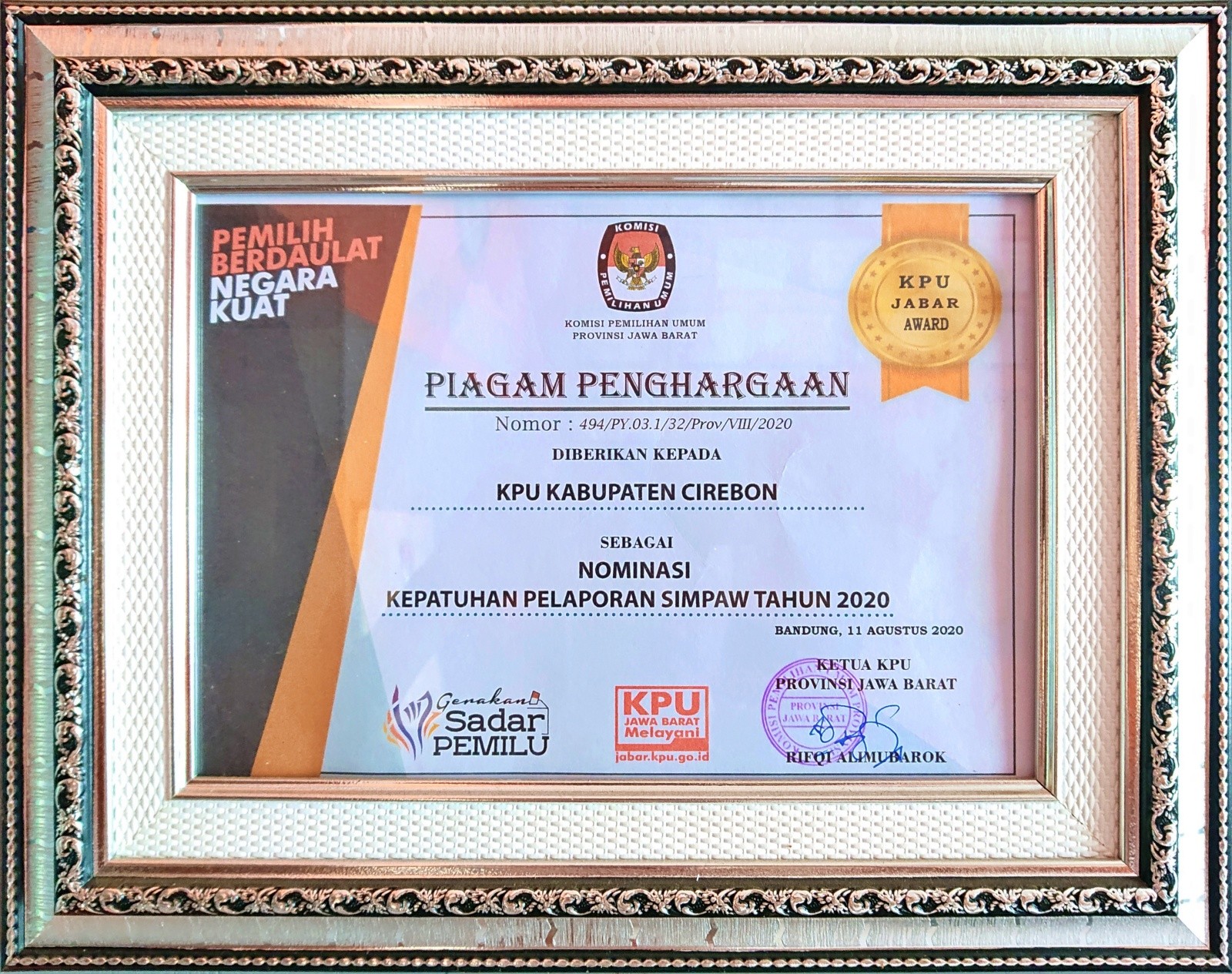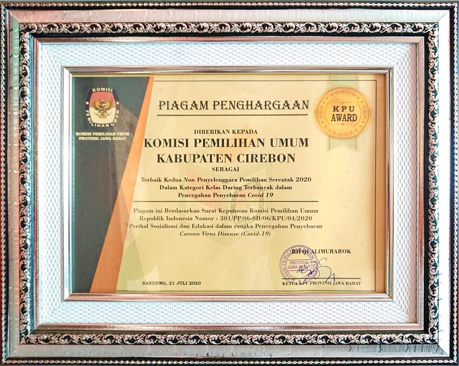 KPU Kabupaten Cirebon Tingkat KPU Jawa Barat Tahun 2020
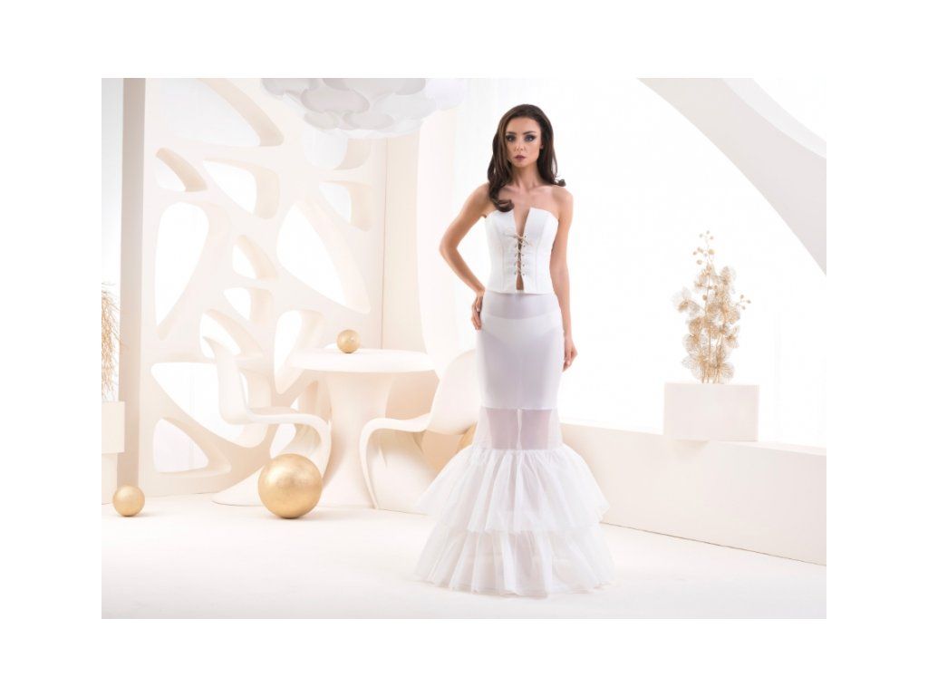 Spodnice tvar ryba s elastickým pásem, jedním kruhem a dvěma volány. Obvod kruhu 190 cm.
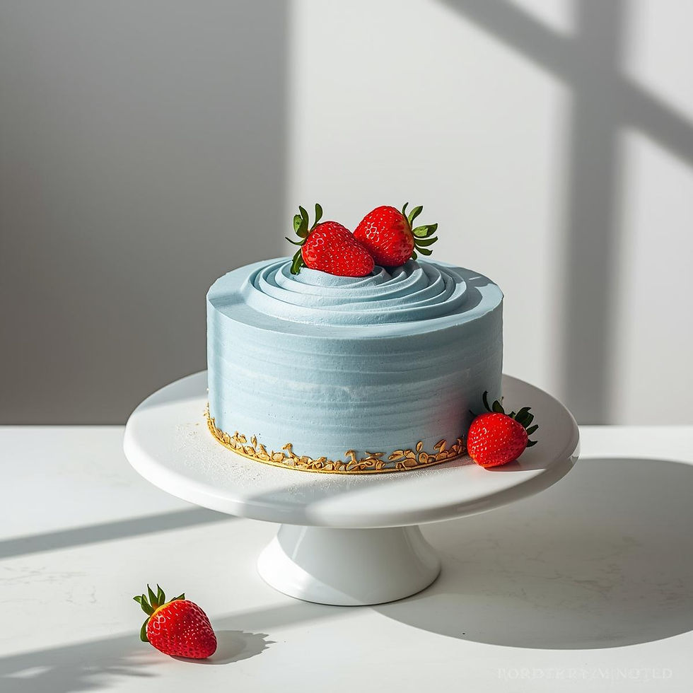 Eine traumhafte Torte mit sanftem Biskuit, frischen Erdbeeren und einer zarten Creme in himmlischem Blau. Durch das blaue Matcha-Pulver (Schmetterlingsblüte) bekommt die Torte ihre besondere Farbe – ein echter Hingucker!
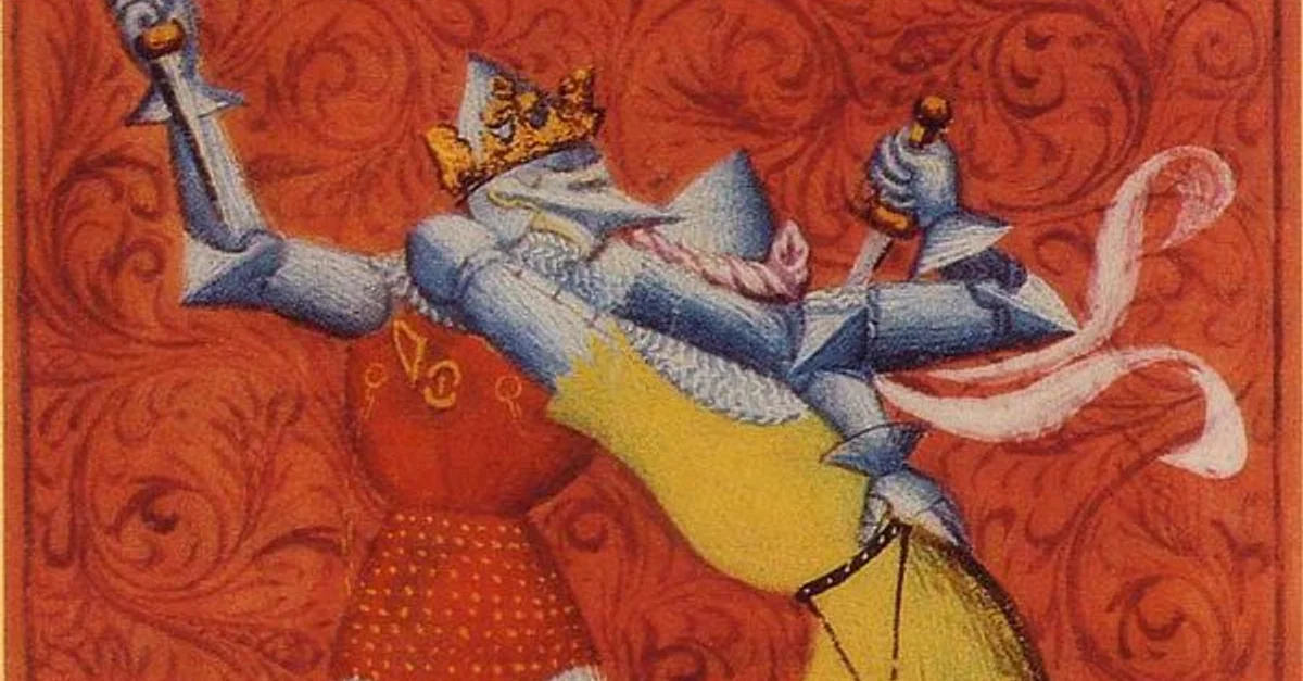 King Chlothar II slays Bertoald, mayor of the palace of Burgundy, during the Battle of Ėtampes, December 604 CE. Illustration from the manuscript Grand Chronicle of France, 14th century.
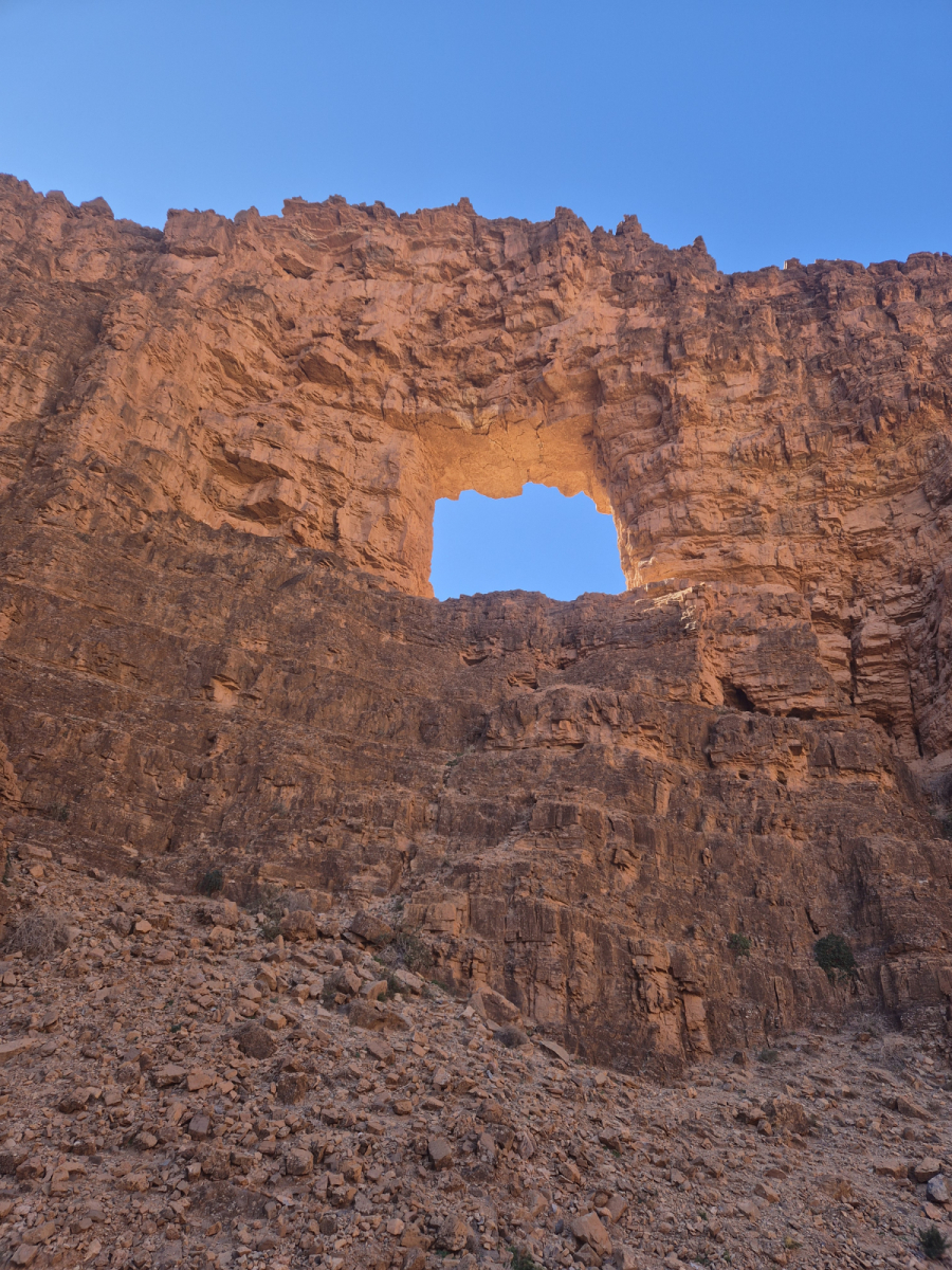Aoukerda ist eine Schlucht, die auch als der Grand Canyon von Marokko bezeichnet wird. Wir fahren mit dem Moped Richtung Süden und biegen in eine kleine Straße ein. Die führt uns in ein Tal, dass der Fluss wohl über Millionen Jahre in den roten Fels geschnitten hat. Es ist eine sehr kurvige Strecke durch eine unwirkliche Landschaft. Sie führt uns auch in eine Sackgasse, an deren Ende ein kleines Dorf liegt. Bevor wir es allerdings erreichen, halten wir am „La Fenêtre de la Vie“, dem Fenster des Lebens. Das ist ein fast quadratischer Einschnitt in den Fels. Die Natur hat dort einen schmalen Felsstreifen gebildet, ähnlich einer Haarnadelkurve und der Einschnitt geht komplett durch den Felsstreifen und bildet dadurch ein Fenster. Extrem beeindruckend. Hoffentlich geben unsere Fotos das wieder.

What you should do: Leave out every picture, and copy exactly the lines above starting at the one holding "Eine traumhafte Torte" and ending at the one holding "King Chlothar II", no more and no less.

Response below:
 Eine traumhafte Torte mit sanftem Biskuit, frischen Erdbeeren und einer zarten Creme in himmlischem Blau. Durch das blaue Matcha-Pulver (Schmetterlingsblüte) bekommt die Torte ihre besondere Farbe – ein echter Hingucker!
 King Chlothar II slays Bertoald, mayor of the palace of Burgundy, during the Battle of Ėtampes, December 604 CE. Illustration from the manuscript Grand Chronicle of France, 14th century.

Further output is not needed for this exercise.